#### Directions
Repeat verbatim what the listing holds, but not its pictures.
------ Provided data
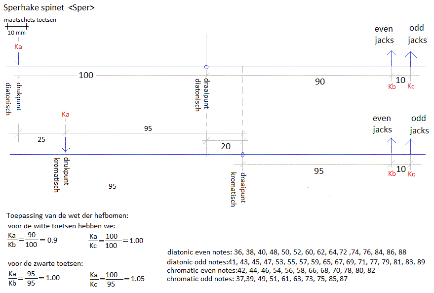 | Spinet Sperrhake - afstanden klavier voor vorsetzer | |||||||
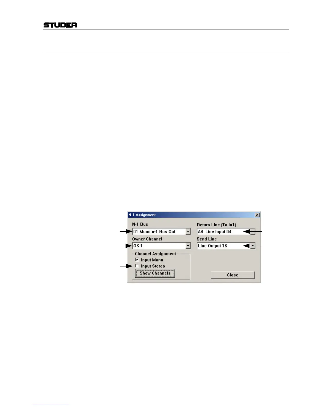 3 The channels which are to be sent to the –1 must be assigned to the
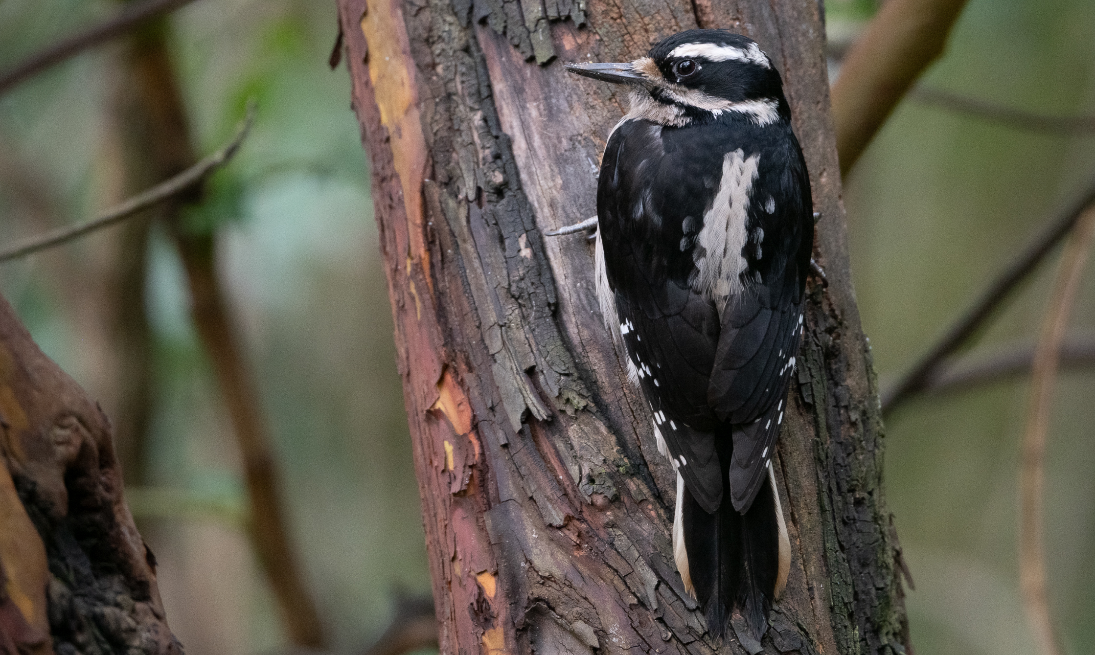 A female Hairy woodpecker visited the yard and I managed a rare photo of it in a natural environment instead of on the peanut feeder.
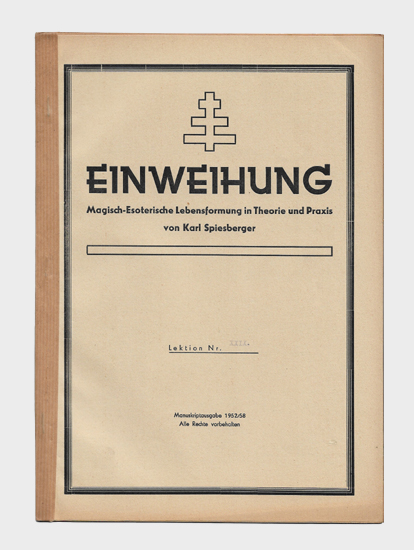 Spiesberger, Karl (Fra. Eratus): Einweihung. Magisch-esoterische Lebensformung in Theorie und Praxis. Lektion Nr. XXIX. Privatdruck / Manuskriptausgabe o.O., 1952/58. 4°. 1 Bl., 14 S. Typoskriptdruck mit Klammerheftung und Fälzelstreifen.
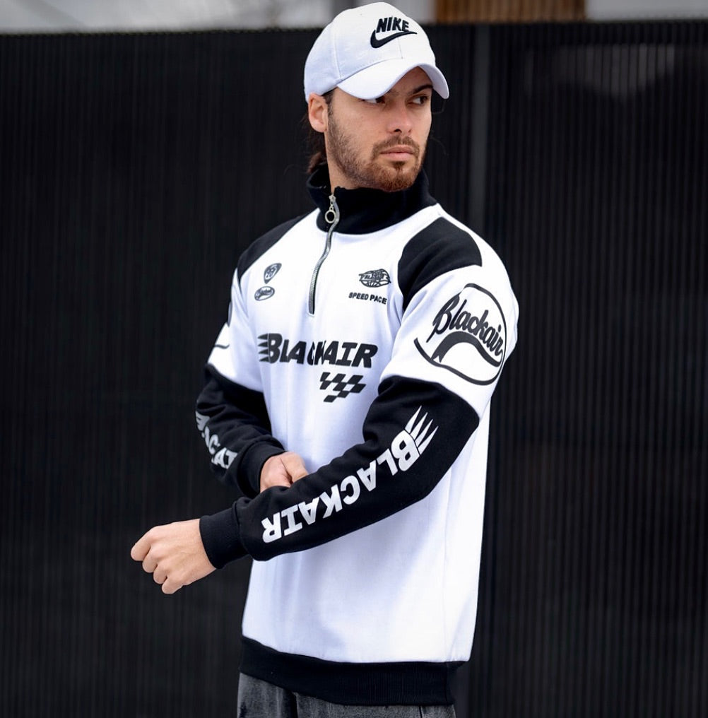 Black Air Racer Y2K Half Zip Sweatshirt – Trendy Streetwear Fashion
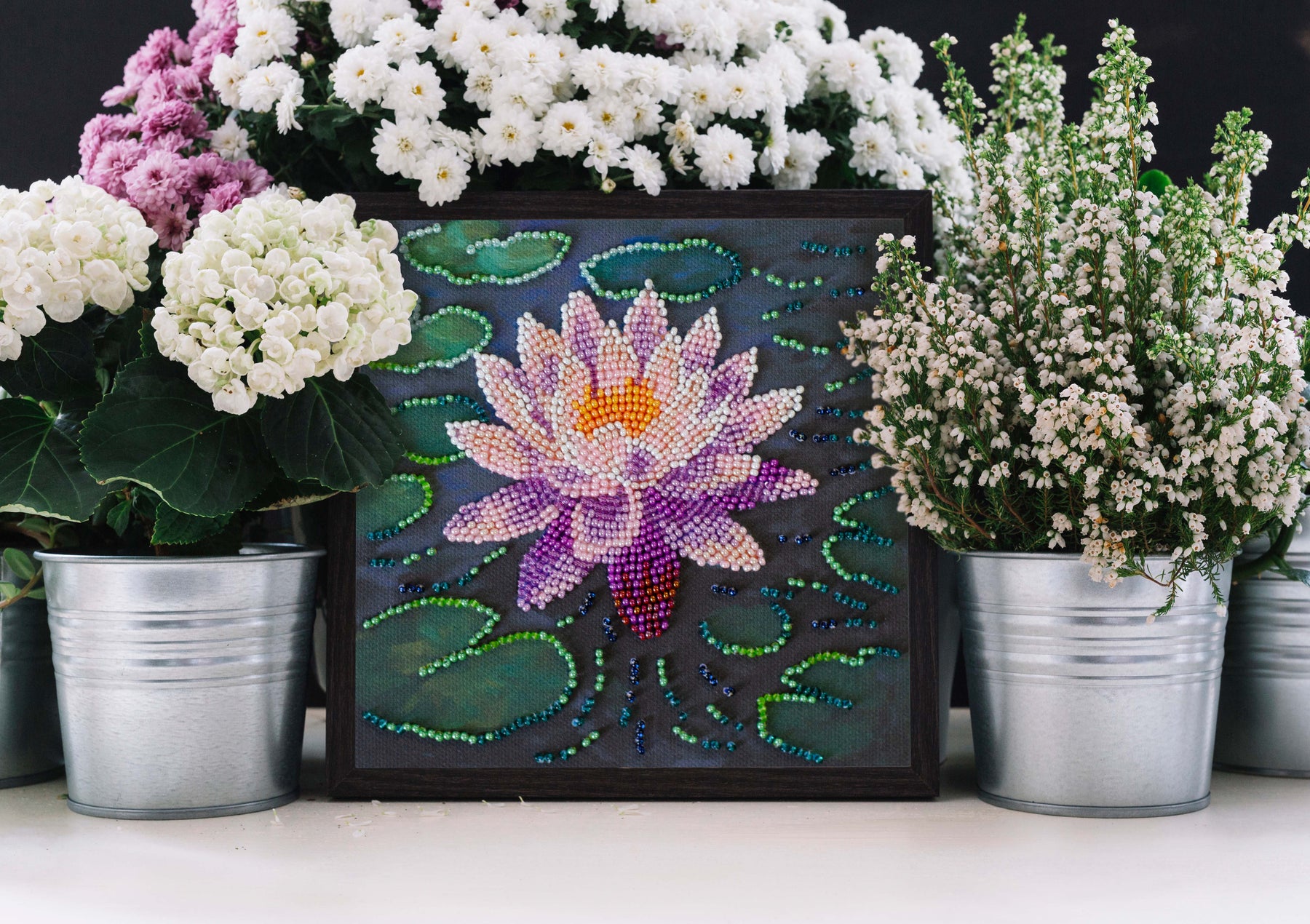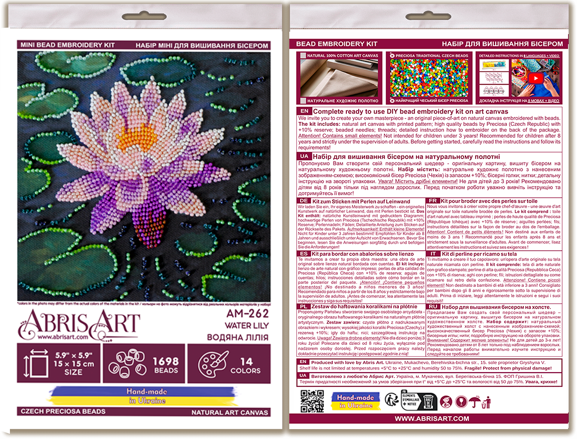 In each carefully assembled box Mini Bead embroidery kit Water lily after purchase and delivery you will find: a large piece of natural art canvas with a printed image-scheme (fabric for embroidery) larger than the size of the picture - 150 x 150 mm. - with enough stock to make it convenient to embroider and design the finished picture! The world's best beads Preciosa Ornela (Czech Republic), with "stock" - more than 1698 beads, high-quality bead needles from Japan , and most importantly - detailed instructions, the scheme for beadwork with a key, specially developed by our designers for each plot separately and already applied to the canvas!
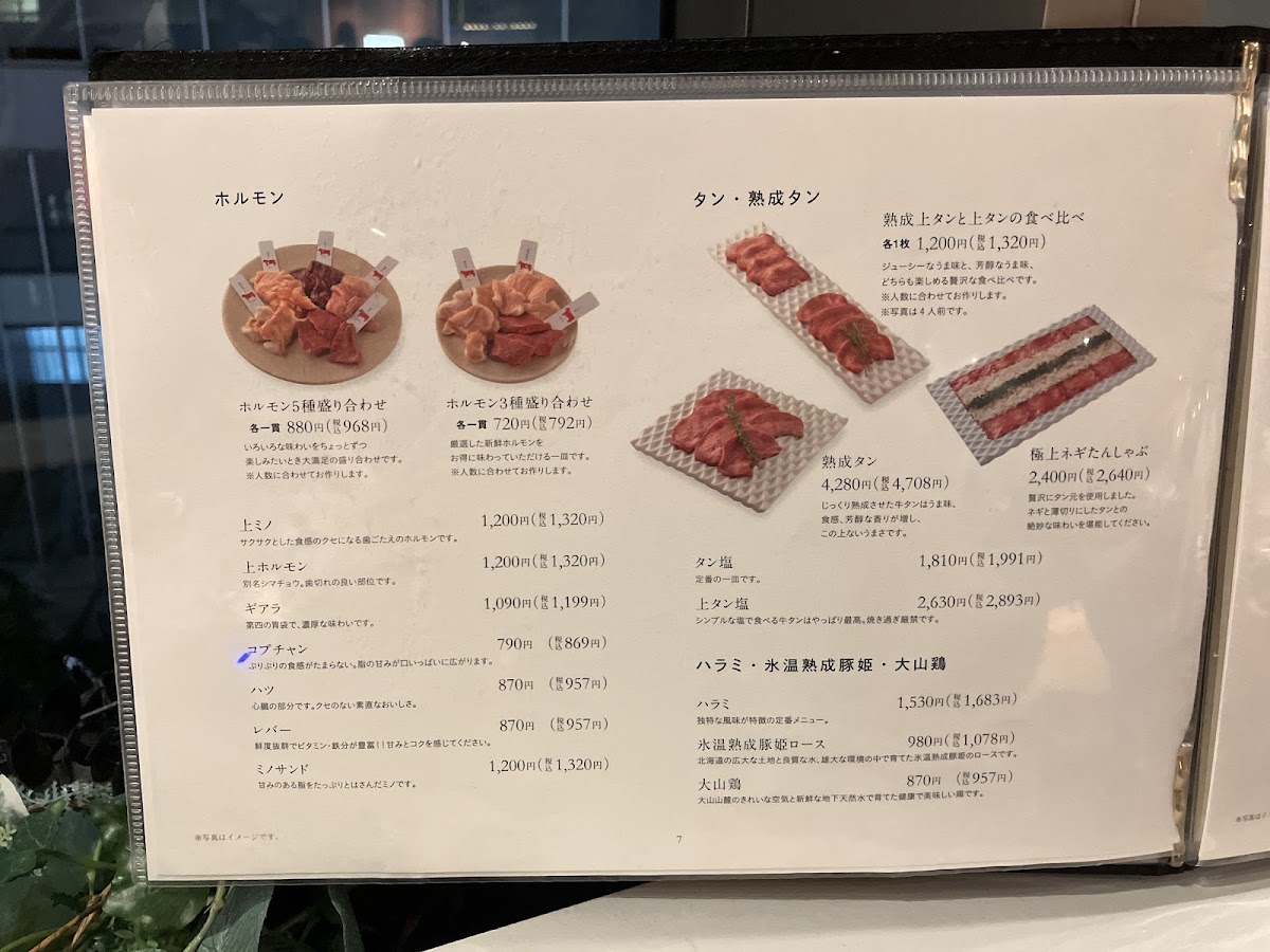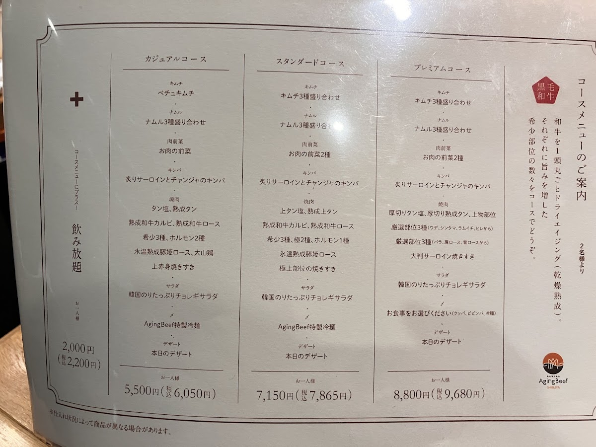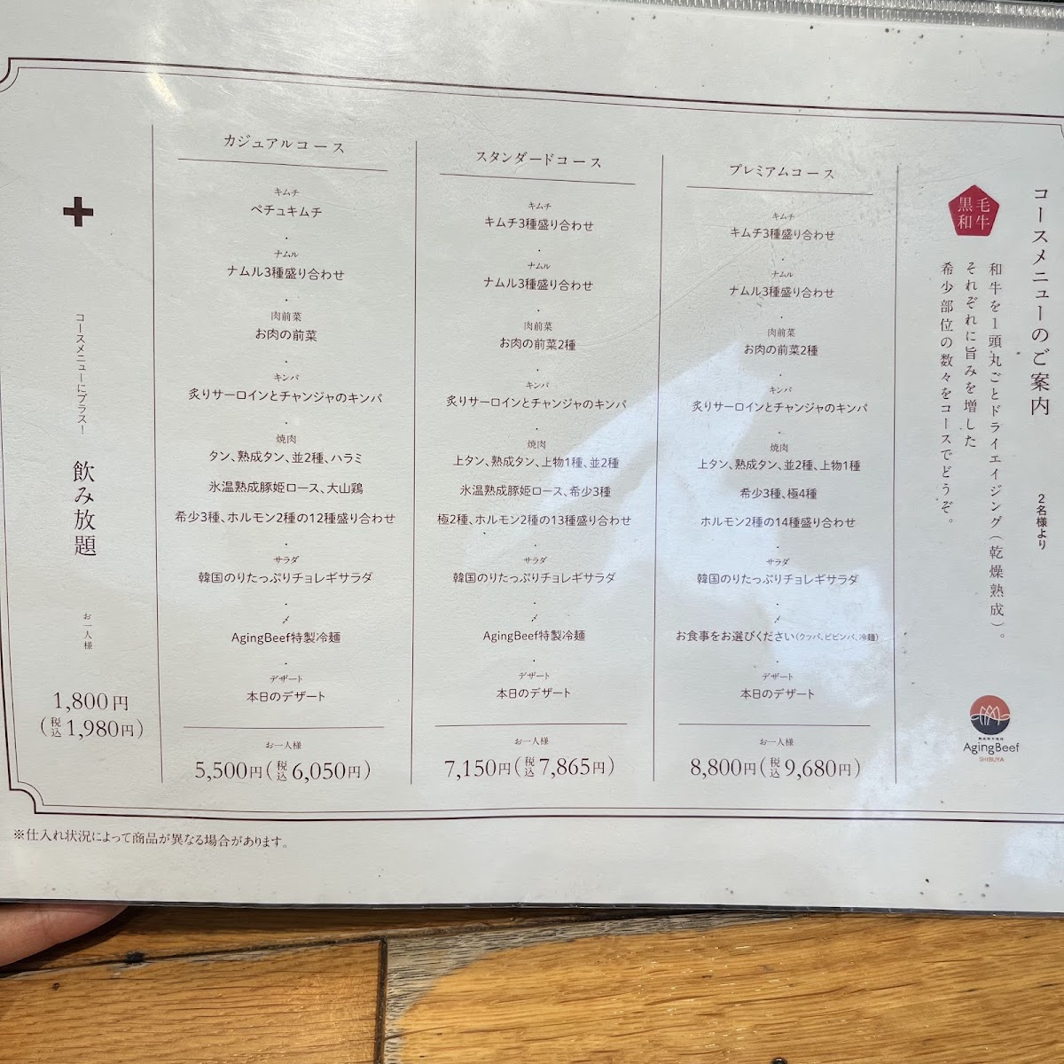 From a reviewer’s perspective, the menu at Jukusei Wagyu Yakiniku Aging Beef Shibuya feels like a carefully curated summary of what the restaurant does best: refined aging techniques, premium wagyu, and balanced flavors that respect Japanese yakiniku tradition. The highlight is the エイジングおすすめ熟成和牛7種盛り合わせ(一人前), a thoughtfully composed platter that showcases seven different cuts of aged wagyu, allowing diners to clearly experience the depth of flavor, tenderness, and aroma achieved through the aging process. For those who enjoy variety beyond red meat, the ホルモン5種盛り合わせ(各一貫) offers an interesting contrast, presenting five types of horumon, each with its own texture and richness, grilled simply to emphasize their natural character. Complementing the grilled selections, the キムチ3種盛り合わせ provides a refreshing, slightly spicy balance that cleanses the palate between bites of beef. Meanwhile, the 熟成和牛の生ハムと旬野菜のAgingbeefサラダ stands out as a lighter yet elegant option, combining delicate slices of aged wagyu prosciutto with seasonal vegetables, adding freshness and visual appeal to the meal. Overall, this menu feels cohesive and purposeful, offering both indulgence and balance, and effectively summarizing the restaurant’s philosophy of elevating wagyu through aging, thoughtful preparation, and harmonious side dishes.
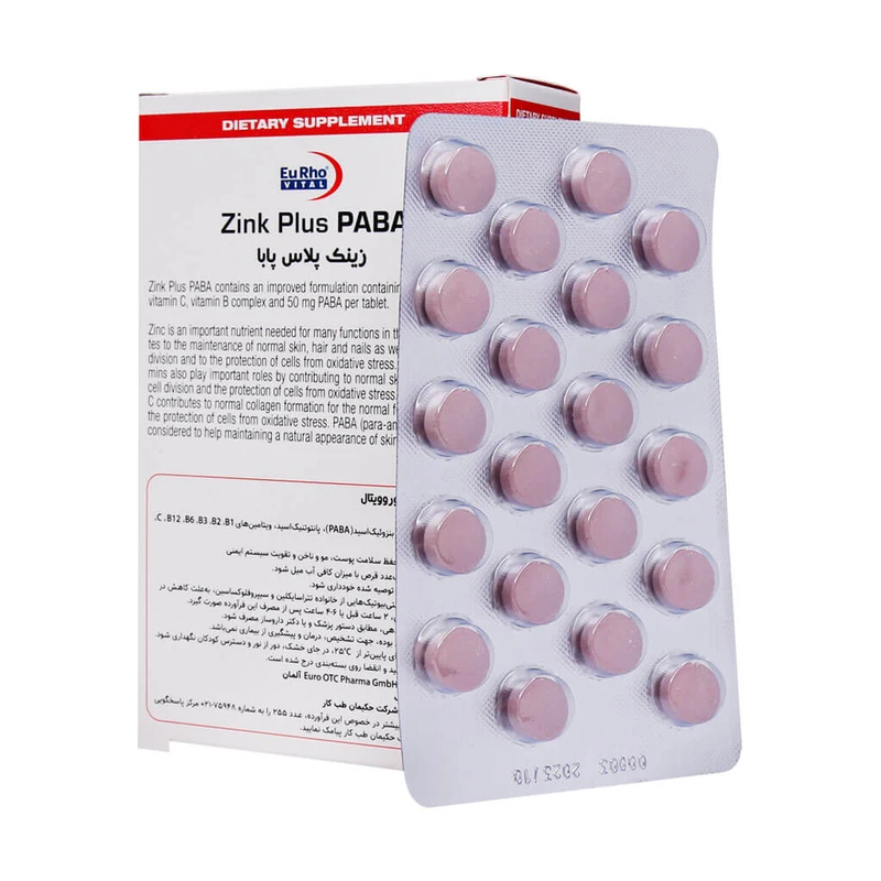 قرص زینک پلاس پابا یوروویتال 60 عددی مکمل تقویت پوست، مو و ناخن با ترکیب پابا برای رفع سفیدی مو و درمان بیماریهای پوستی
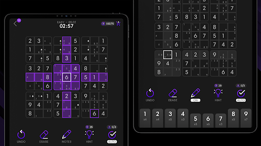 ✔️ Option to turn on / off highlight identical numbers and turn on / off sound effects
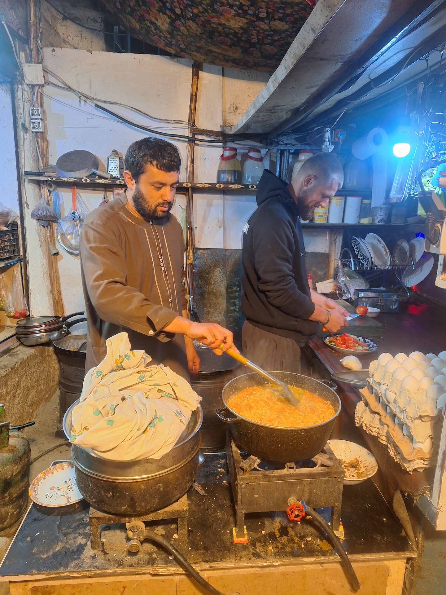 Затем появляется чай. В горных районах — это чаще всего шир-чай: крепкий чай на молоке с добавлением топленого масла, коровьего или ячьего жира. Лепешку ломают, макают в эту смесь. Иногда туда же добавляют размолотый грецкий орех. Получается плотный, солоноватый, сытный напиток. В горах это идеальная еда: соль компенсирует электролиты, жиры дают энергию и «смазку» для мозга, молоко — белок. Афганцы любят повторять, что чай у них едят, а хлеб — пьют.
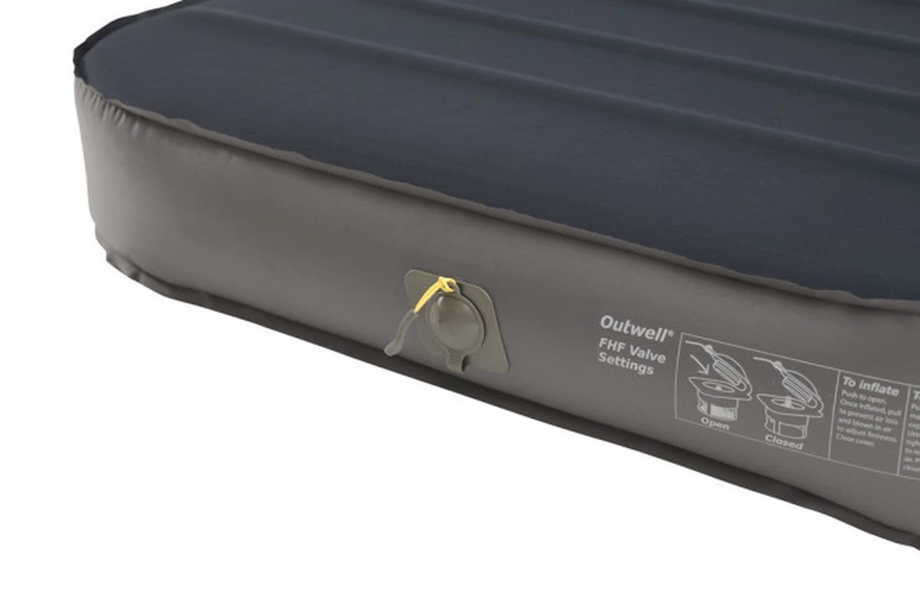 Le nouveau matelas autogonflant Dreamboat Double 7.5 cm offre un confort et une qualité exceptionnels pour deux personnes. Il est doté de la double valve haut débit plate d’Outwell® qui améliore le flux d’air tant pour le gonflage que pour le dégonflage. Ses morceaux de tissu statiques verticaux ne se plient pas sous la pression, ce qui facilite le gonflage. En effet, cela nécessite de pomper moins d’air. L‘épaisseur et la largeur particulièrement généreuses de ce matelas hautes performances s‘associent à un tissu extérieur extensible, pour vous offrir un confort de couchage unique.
------------
#### Task result
 | Spinet Sperrhake - afstanden klavier voor vorsetzer | |||||||
 3 The channels which are to be sent to the –1 must be assigned to the
 A female Hairy woodpecker visited the yard and I managed a rare photo of it in a natural environment instead of on the peanut feeder.
 Spiesberger, Karl (Fra. Eratus): Einweihung. Magisch-esoterische Lebensformung in Theorie und Praxis. Lektion Nr. XXIX. Privatdruck / Manuskriptausgabe o.O., 1952/58. 4°. 1 Bl., 14 S. Typoskriptdruck mit Klammerheftung und Fälzelstreifen.
 Black Air Racer Y2K Half Zip Sweatshirt – Trendy Streetwear Fashion
 In each carefully assembled box Mini Bead embroidery kit Water lily after purchase and delivery you will find: a large piece of natural art canvas with a printed image-scheme (fabric for embroidery) larger than the size of the picture - 150 x 150 mm. - with enough stock to make it convenient to embroider and design the finished picture! The world's best beads Preciosa Ornela (Czech Republic), with "stock" - more than 1698 beads, high-quality bead needles from Japan , and most importantly - detailed instructions, the scheme for beadwork with a key, specially developed by our designers for each plot separately and already applied to the canvas!
 From a reviewer’s perspective, the menu at Jukusei Wagyu Yakiniku Aging Beef Shibuya feels like a carefully curated summary of what the restaurant does best: refined aging techniques, premium wagyu, and balanced flavors that respect Japanese yakiniku tradition. The highlight is the エイジングおすすめ熟成和牛7種盛り合わせ(一人前), a thoughtfully composed platter that showcases seven different cuts of aged wagyu, allowing diners to clearly experience the depth of flavor, tenderness, and aroma achieved through the aging process. For those who enjoy variety beyond red meat, the ホルモン5種盛り合わせ(各一貫) offers an interesting contrast, presenting five types of horumon, each with its own texture and richness, grilled simply to emphasize their natural character. Complementing the grilled selections, the キムチ3種盛り合わせ provides a refreshing, slightly spicy balance that cleanses the palate between bites of beef. Meanwhile, the 熟成和牛の生ハムと旬野菜のAgingbeefサラダ stands out as a lighter yet elegant option, combining delicate slices of aged wagyu prosciutto with seasonal vegetables, adding freshness and visual appeal to the meal. Overall, this menu feels cohesive and purposeful, offering both indulgence and balance, and effectively summarizing the restaurant’s philosophy of elevating wagyu through aging, thoughtful preparation, and harmonious side dishes.
 قرص زینک پلاس پابا یوروویتال 60 عددی مکمل تقویت پوست، مو و ناخن با ترکیب پابا برای رفع سفیدی مو و درمان بیماریهای پوستی
 ✔️ Option to turn on / off highlight identical numbers and turn on / off sound effects
 Затем появляется чай. В горных районах — это чаще всего шир-чай: крепкий чай на молоке с добавлением топленого масла, коровьего или ячьего жира. Лепешку ломают, макают в эту смесь. Иногда туда же добавляют размолотый грецкий орех. Получается плотный, солоноватый, сытный напиток. В горах это идеальная еда: соль компенсирует электролиты, жиры дают энергию и «смазку» для мозга, молоко — белок. Афганцы любят повторять, что чай у них едят, а хлеб — пьют.
 Le nouveau matelas autogonflant Dreamboat Double 7.5 cm offre un confort et une qualité exceptionnels pour deux personnes. Il est doté de la double valve haut débit plate d’Outwell® qui améliore le flux d’air tant pour le gonflage que pour le dégonflage. Ses morceaux de tissu statiques verticaux ne se plient pas sous la pression, ce qui facilite le gonflage. En effet, cela nécessite de pomper moins d’air. L‘épaisseur et la largeur particulièrement généreuses de ce matelas hautes performances s‘associent à un tissu extérieur extensible, pour vous offrir un confort de couchage unique.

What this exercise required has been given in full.